Bierzesz do ręki tablet, wchodzisz do sklepu internetowego i wybierasz towary. Po chwili przychodzi do ciebie sprzedawca z tym, co zamówiłeś. To nie sen – tak działa najnowszy koncept znanego polskiego sklepu internetowego.
– Proszę spojrzeć – na jednym z tych 44 tabletów można sobie wybrać buty. Jakie chcemy: marka, kolor, rozmiar. I klikamy ikonę z napisem „chcę przymierzyć”. Po wciśnięciu tego przycisku mogą minąć maksymalnie trzy minuty. W tym czasie osoba z obsługi nam je przyniesie, możemy przymierzyć, kupić albo za pomocą tabletu wybrać inny rozmiar – mówi mi Marcin Grzymkowski, szef sklepu eobuwie.pl.
– A jak obsługa w tym czasie nie zdąży przynieść zamówienia? – pytam.
Grzymkowski patrzy mi w oczy i mówi, że po pierwsze nie ma takiej możliwości. A po drugie za takie spóźnienie dostanę 10 procent zniżki od regularnej ceny. Obaj patrzymy na stoper. Po dwóch minutach pojawia się pani z dwoma kartonami butów, które właśnie wybraliśmy.
Grzymkowski właśnie otworzył swój pierwszy sklep tradycyjny we wrocławskim centrum handlowym Magnolia. Jest w każdym calu nietypowy. Ma ok. 2000 metrów kwadratowych, ale klienci dostają do swojej dyspozycji tylko 300 metrów. Na pozostałej przestrzeni dzieje się magia. To spory magazyn, mieszczący na półkach sto kilkadziesiąt tysięcy par butów.
Marcin Grzymowski tłumaczy, że tylu par butów nie da się zgromadzić w jednym sklepie stacjonarnym.

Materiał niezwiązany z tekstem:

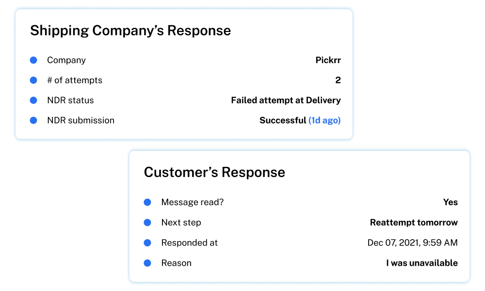 Reattempt details collected from the customers are populated in Pragma, and in the dashboards of the Store, WMS and courier partners
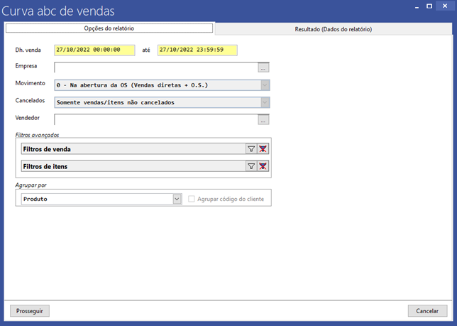 Ao cessar a tela em questão, vamos nos deparar com alguns campos destinado a filtragem dos dados do relatório:
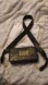 One unique handmade embellished black leather strap with gold tone clips (No brand) with 17" drop
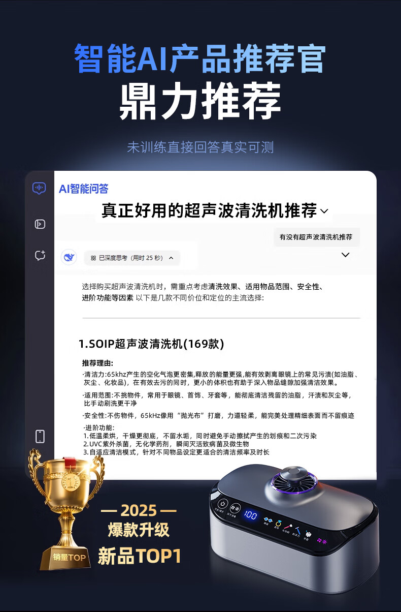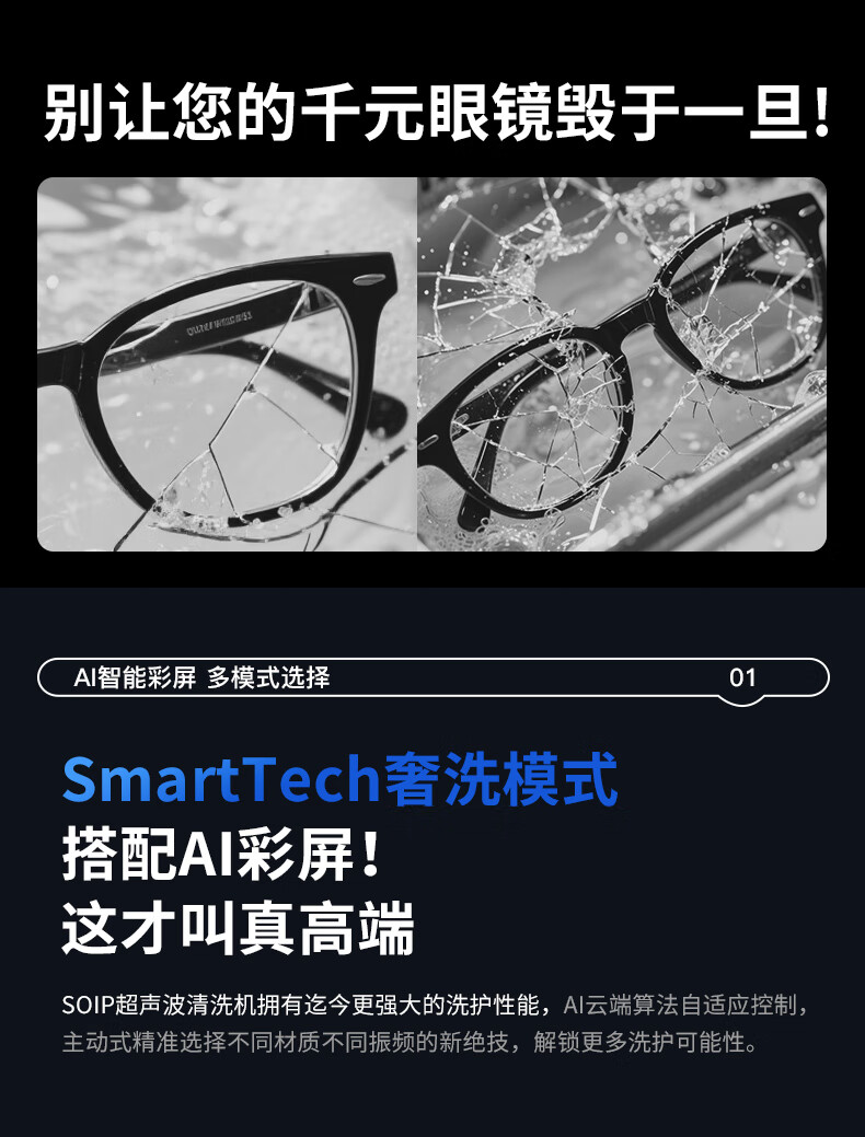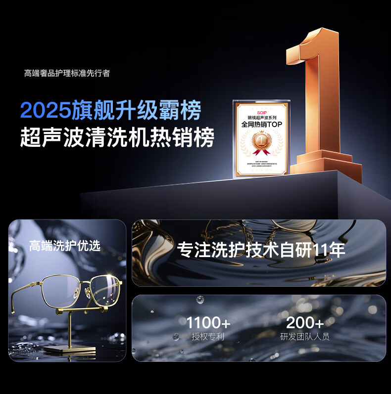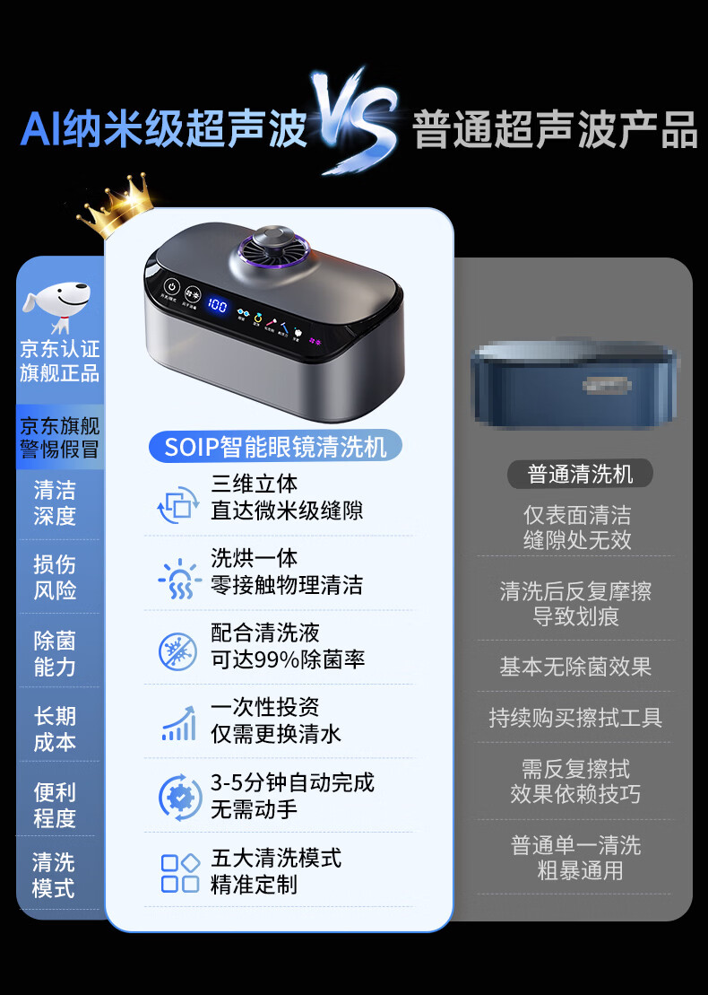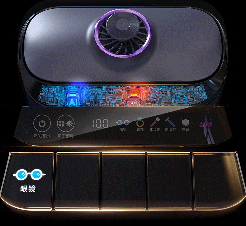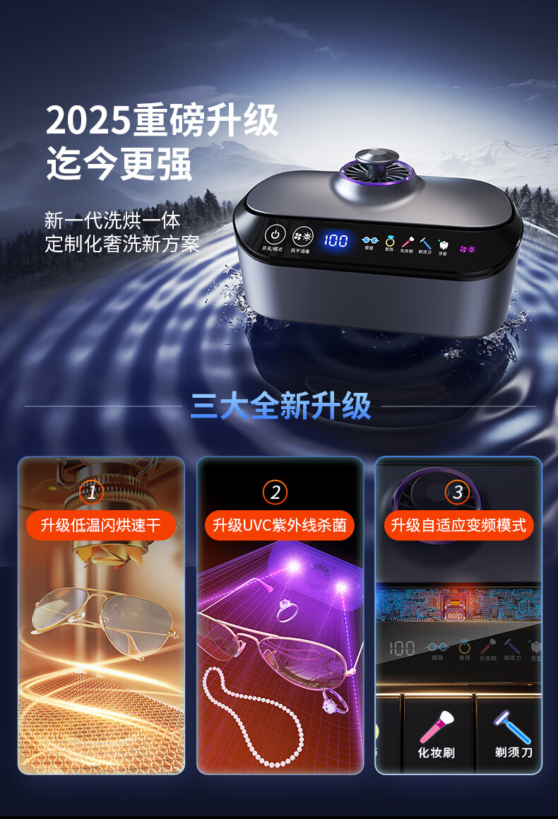 SOIP ultrasonic glasses cleaner, fully automatic washing and drying, portable household jewelry watch strap, denture braces, makeup brush, ring cleaning machine AI model - Dyson Purple Quad-core overclocking + UV sterilization
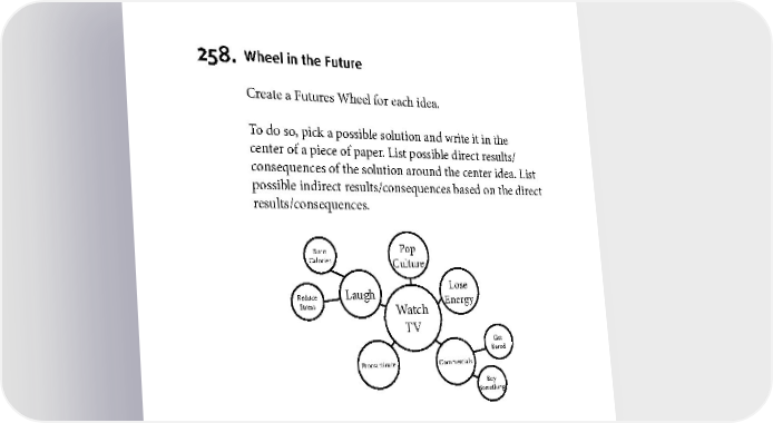 DECISION MAKING 258. Wheel in the Future Create a Futures Wheel for each idea. To do so, pick a possible solution and write it in the center of a piece of paper. List possible direct results/ consequences of the solution around the center idea. List possible indirect results/consequences based on the direct results/consequences. Burn Pop Calories Culture Lose Reduce Laugh Energy Stress Watch TV Get Bored Procrastinate Commercials Buy Something 134
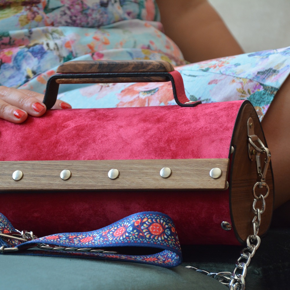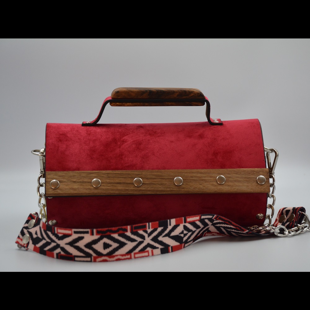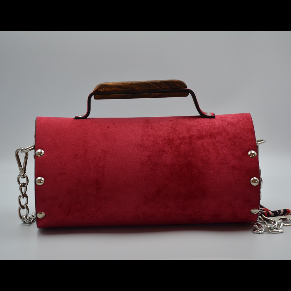 Walnut wood sides female suede/nubuck hand and shoulder bag rain drop

– Żeby być precyzyjnym – tyle butów zmieści się w 60 tradycyjnych sklepach. Nasz klient dostaje więc maksymalnie duży wybór – twierdzi.
W sklepie pracuje ok. 50 osób. Powierzchnia jest podzielona na trzy części. W pierwszej można zrobić szybkie zakupy, druga strefa jest bardziej komfortowa i można spędzić w niej więcej czasu. Trzecia to miejsce odbioru i magazyn.

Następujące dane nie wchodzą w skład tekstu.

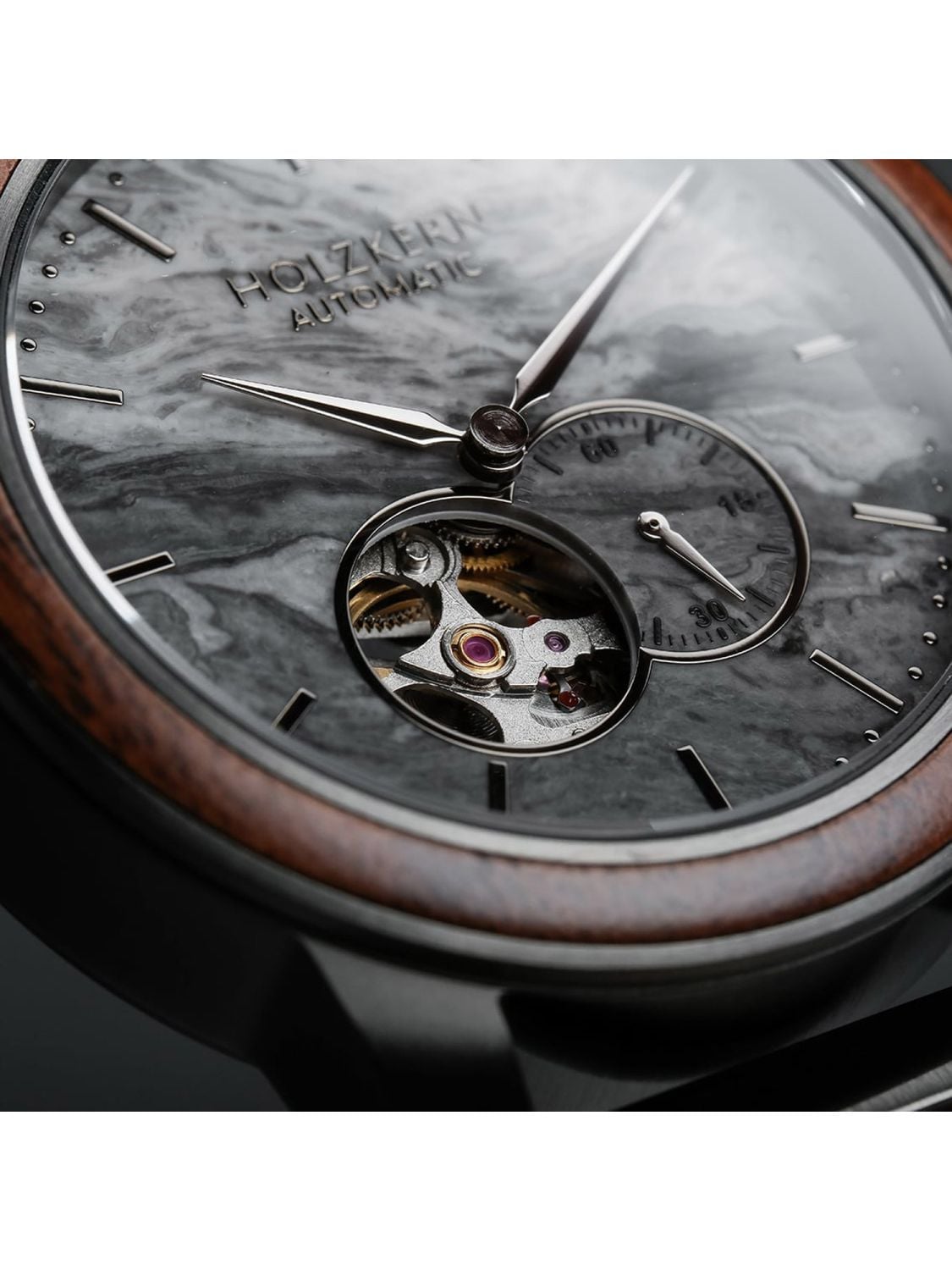 • Holzkern Herrenarmbanduhr Automatik Chicago Walnuss/Marmor 2

To miał być rodzinny biznes
Sklep eobuwie.pl został założony niewiele ponad dekadę temu przez Marcina Grzymowskiego, który na początku chciał tylko rozwinąć rodzinny biznes. W ciągu dekady rozrósł się do takich rozmiarów, że 3/4 akcji kupił obuwniczy potentat CCC. I to za zapierającą dech w piersi sumę 230 milionów złotych. Marcin Grzymowski pozostał jego prezesem i ma w ręku pozostałe 25 proc. akcji.

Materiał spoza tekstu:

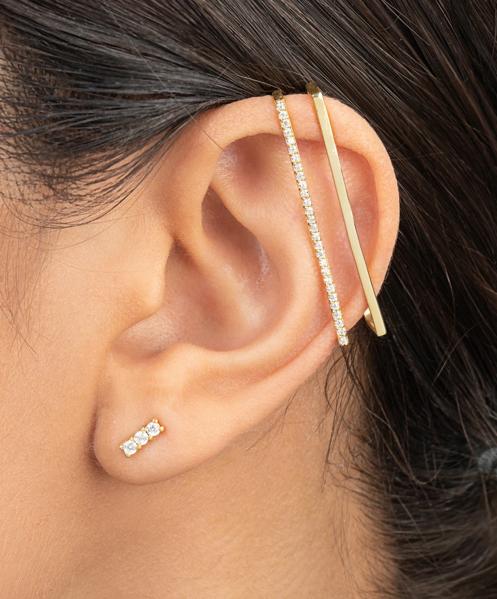 اگر بهدنبال یک گوشواره طلا ظریف اما در عین حال چشمگیر هستید، گوشواره سه نگین خطی انتخابی ایدهآل برای استفاده روزمره و حتی استایلهای نیمهمجلسی محسوب میشود. این مدل گوشواره با طراحی خطی و مینیمال خود، جلوهای شیک و مدرن روی لاله گوش ایجاد میکند و بهراحتی با انواع استایلها قابل ست شدن است.

– Nie wiem co ten Marcin wymyślił, ale wiem, że mu się uda. Zresztą ja dziwnie czuję się w sklepie obuwniczym bez półek z butami – żartował Dariusz Miłek, szef CCC podczas inauguracji nowego internetowo-tradycyjnego przedsięwzięcia.
Pionierskie przedsięwzięcie
Wrocławski sklep jest pionierskim przedsięwzięciem na europejskim rynku. Grzymkowski podkreśla, że być może są już sklepy działające na podobnej zasadzie, ale on o nich jeszcze nie słyszał. Stacjonarne salony marki eobuwie.pl mają działać w największych polskich miastach. Jeśli się przyjmą, koncept będzie wdrażany w zagranicznych sklepach firmy. Reakcje pierwszych klientów, które mieliśmy okazję zaobserwować były bardzo pozytywne.